• **TASK OBJECTIVE**
Once the line containing "[디얼마미]끈 매듭 단추" is found in the data below, repeat it and every later line exactly, leaving the pictures out.

• **AVAILABLE DATA**
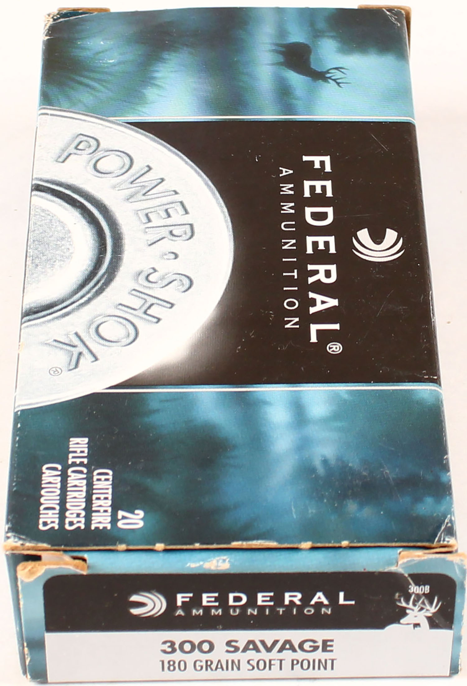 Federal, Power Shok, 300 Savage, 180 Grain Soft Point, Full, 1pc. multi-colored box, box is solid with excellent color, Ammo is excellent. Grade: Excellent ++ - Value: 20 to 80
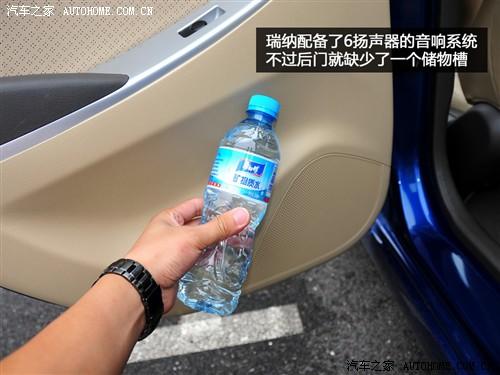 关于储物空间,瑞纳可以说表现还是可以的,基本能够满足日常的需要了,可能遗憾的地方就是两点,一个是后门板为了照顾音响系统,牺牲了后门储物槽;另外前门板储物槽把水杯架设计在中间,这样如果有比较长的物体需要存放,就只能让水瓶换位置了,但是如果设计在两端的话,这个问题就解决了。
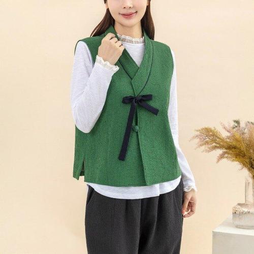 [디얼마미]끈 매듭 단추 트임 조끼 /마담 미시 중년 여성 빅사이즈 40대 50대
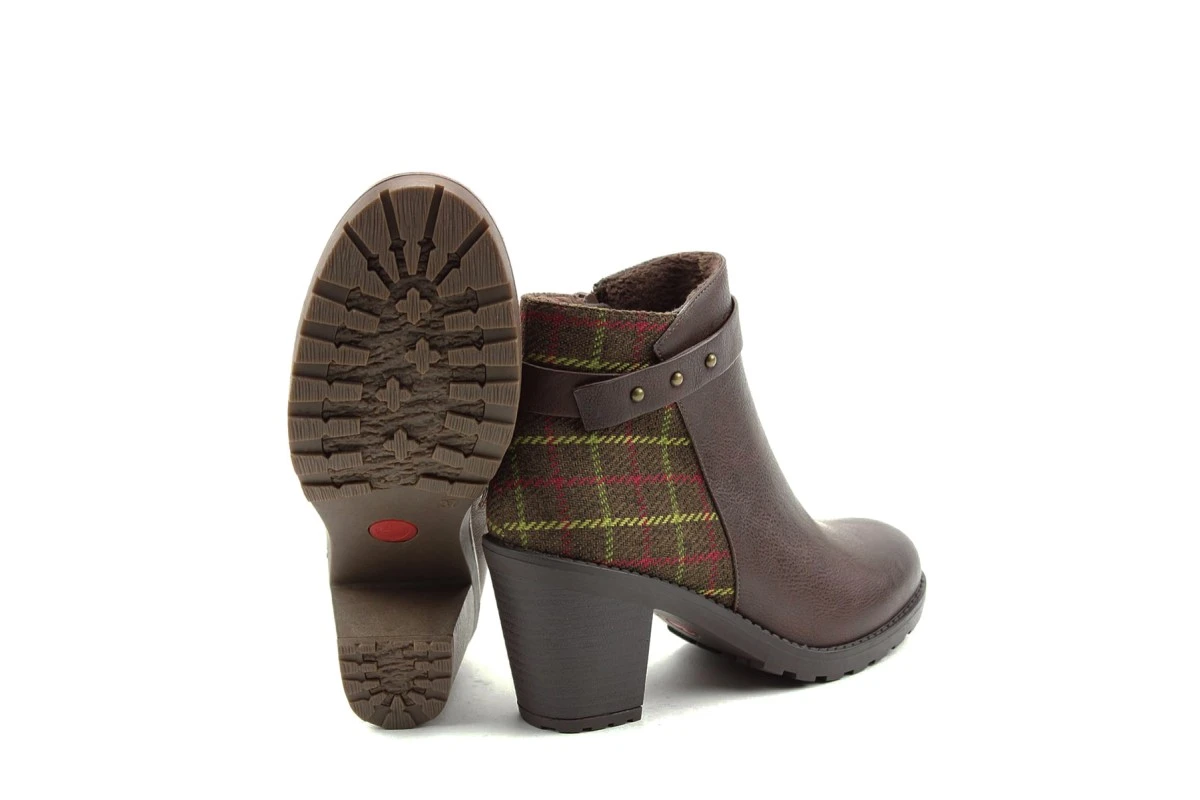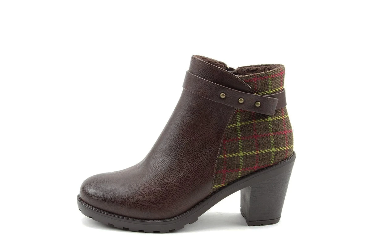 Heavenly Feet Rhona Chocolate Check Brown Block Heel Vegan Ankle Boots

• **WRITTEN SOLUTION**
 [디얼마미]끈 매듭 단추 트임 조끼 /마담 미시 중년 여성 빅사이즈 40대 50대
 Heavenly Feet Rhona Chocolate Check Brown Block Heel Vegan Ankle Boots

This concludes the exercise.